Paul Mazursky is a very personal film-maker; he has invested a part of himself in every one of his creations (Alex in Wonderland, Blume in Love, Harry and Tonto). His latest is no different. It is an autobiographical look at Mazursky's experiences as young actor in Greenwich Village during the early Fifties — a time when creative theatre and Joseph McCarthy were both blooming. The Village then was filled with artists and hopeful actors, novelists and aspiring writers, poets and singers. It was a demilitarized zone set apart from the conformist ethic characteristic of the post-war period. The bohemian life was going through birth pangs and by the middle of the decade would be flowering into the Beat Movement with all its impudence, primitivism, and frankness. The setting of Next Stop, Greenwich Village is the twilight zone between conservative, corporate, and suburban values of most Americans and yet-to-come barbaric yawps of the Beat Generation. Maursky's re-creation of this moment is just right.

In the film's opening scene, Larry Lapinsky (Lenny Baker), a twenty-two-year-old graduate of Brooklyn College is bidding farewell to his possessive mother (Shelley Winters) and his passive father (Mike Kellin). When he dons a French beret and smiles, we know that Larry is ready for a new life! The unknown awaits him in Greenwich Village — to Larry a place synonymous with freedom and all the wild possibilities every young creative person dreams about.

Yet in an often grim and always affecting way, Larry's experiences in the Village are filled with frustrations. His girl friend Sarah (Ellen Greene) cannot cut the umbilical chord from home and is hesitant to marry him; his mother embarrassingly intrudes upon his life on several momentous occasions, convincing Larry that "she invented the Oedipus Complex"; and his friends begin to drain his energy. They include Anita (Lois Smith), a suicidal actress; Bernstein (Antonio Fargas) who's black and gay and near a nervous breakdown; Robert (Christopher Walken), a Lothario who cynically uses women; and Connie (Dori Brenner), an earth mother friend-to-all who is aching with loneliness. As Larry responds to these individuals, his mother, and his girl, he fashions a kind of declaration of independence which in the end pays off with a trip to Hollywood to appear in a movie.

A sensitive humanism shows itself at work in Paul Mazurskys direction of this film. He cares about the people in the Village — about their vocational hopes, sexual confusions, and personal traumas. He is a lover of people and things, one capable — to borrow a line from A Thousand Clowns — of being touched by "the earthly lyricism of hot pastrami, the pungent fantasy of corned beef, pickles, frankfurters, and the great impertinence of good mustard." There is genuine anxiety evidenced in several acting class and actors' audition sequences (along with tart humor). There is an unvarnished reality to some of the scenes dealing with Larry and Sarah's agony over the meaning of their relationship. And throughout, Mazursky gives his actors and actresses leeway to be awkward, frantic, hysterical, and even ludicrous. In their mutual quest for self-fulfillment, these struggling souls wrestle with the demons of self-destruction and are haunted by the omnipresent feeling that they may not have what it takes to be an artist.

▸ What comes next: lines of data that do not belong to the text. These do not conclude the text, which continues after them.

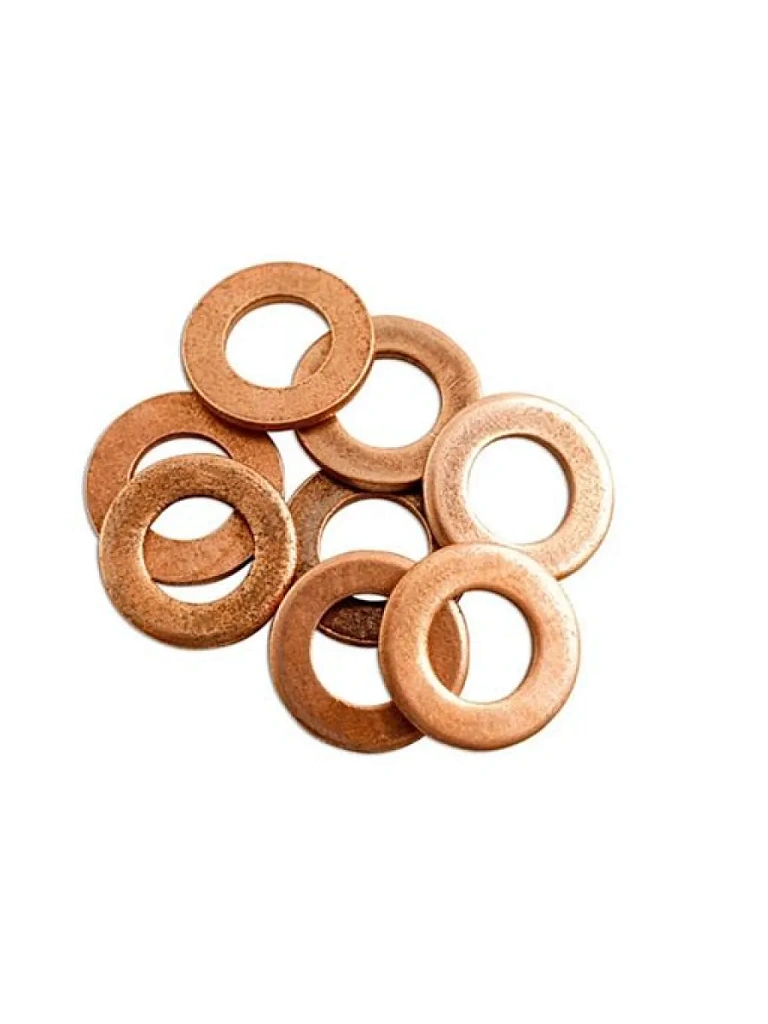 Медные шайбы применяют для уплотнения в топливных насосах, двигателях, масляных насосах, гидравлических, пневматических соединениях. Шайбы изготовлены из меди марки М1М поэтому они имеют высокую пластичность и высокую стойкость против коррозии, это позволяет применять в агрегатах высокого давления. Физико-химические свойства меди обеспечивают работоспособность шайб в различных агрессивных средах при больших амплитудах рабочих температур.
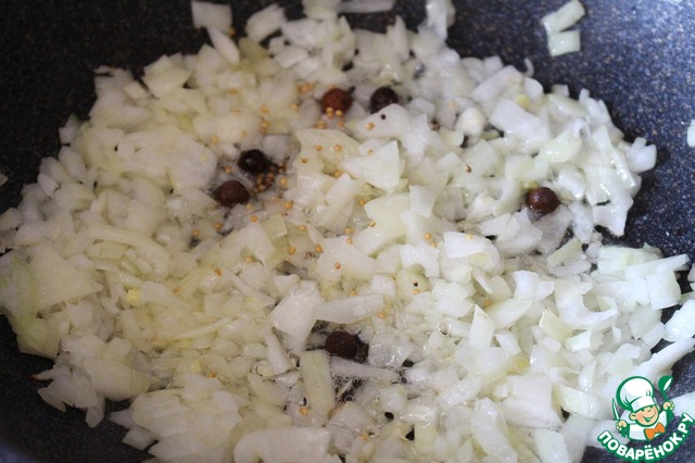 На сковороде разогреть 3 ст. л. растительного масла, выложить перец горошком и семена горчицы, обжаривать в течение 30 секунд. Затем добавить нарезанный лук и готовить на среднем огне 2-3 минуты. Лук должен быть золотистого цвета.
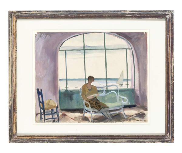 Enrico Paulucci "Figura femminile sul divano thonet" '29 tempera su carta (cm 33
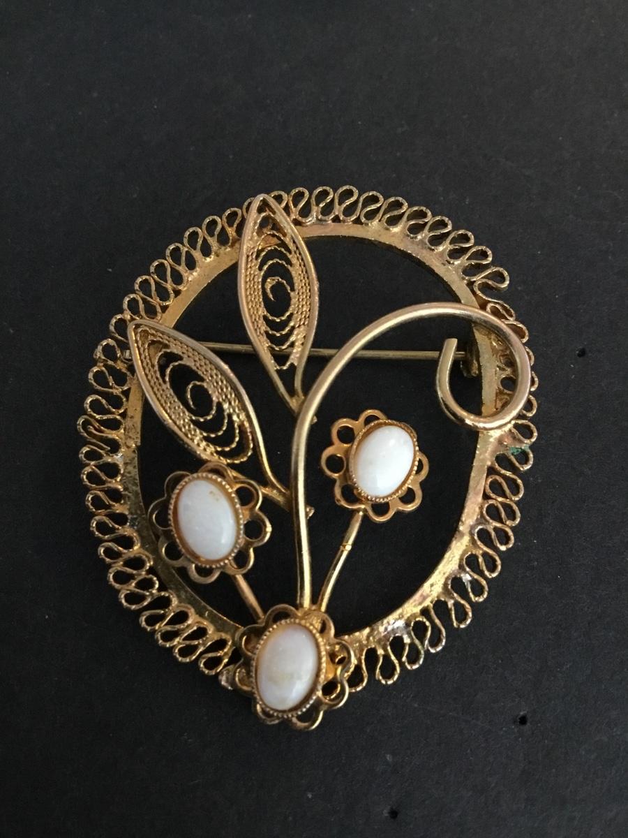 Beautiful, vintage, gold tone, white milk, glass, gold filigree brooch
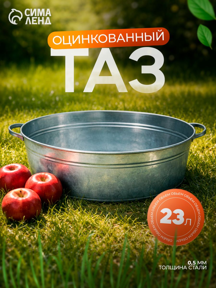 Таз для бани, овальный, с ручками, оцинкованная сталь, 23 л
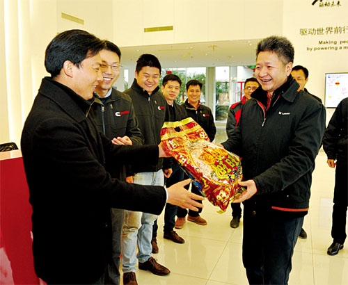 裝載機公司的員工們準時回到工作崗位,抖擻精神,開啟新一年的征程。公司黨委書記、董事長曾光安等領導為到崗的員工送上了新春祝福。員工們臉上洋溢著濃濃的春意,嘴角掛著幸福的微笑,從公司領導手中接過新春慰問品的同時,也接收了新的指令。
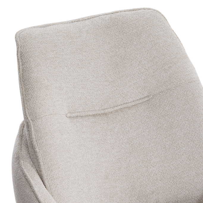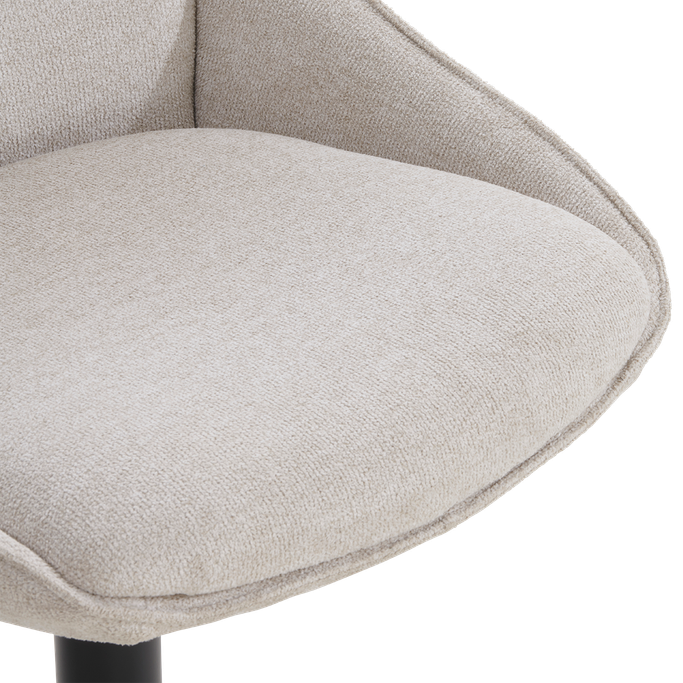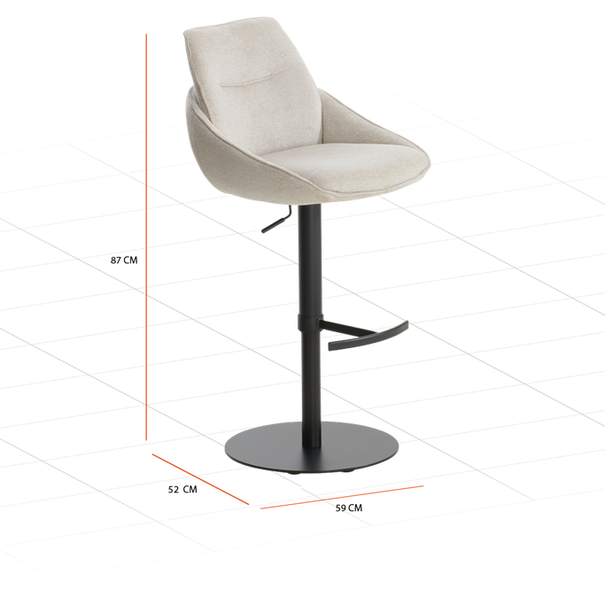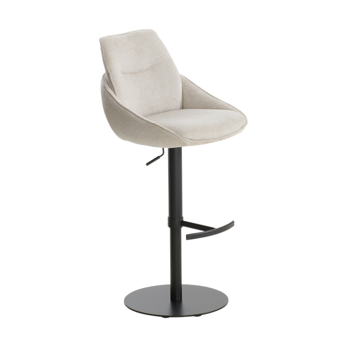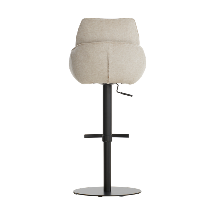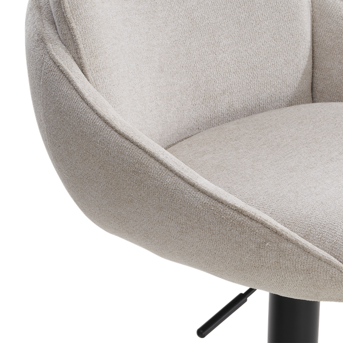 دع أحاديث الأصدقاء تزهر مع أيكون كرسي مرتفع. صُمّم بمسند ظهر منحني ومقعد مبطن مع جوانب داعمة للراحة، وقائمة على شكل عامودي قابلة لتعديل الارتفاع، يرتكز على قاعدة دائرية متينة. صنع من الحديد والفوم وخشب الأبلكاش والقماش باللونين البيج والرمادي. اصنع ذكريات جميلة مع ضيوفك.

Next Stop, Greenwich Village is an ingratiating puppy dog of a movie with its tail wagging and its ears flapping affectionately. Mazursky's humanism at times becomes a little too gooey but it still manages to remain durable. He has drawn out excellent performances from Baker and Greene as the young lovers. Both the place and the people are believable — confirming once again this director's knack for making movies that matter because they are so richly human.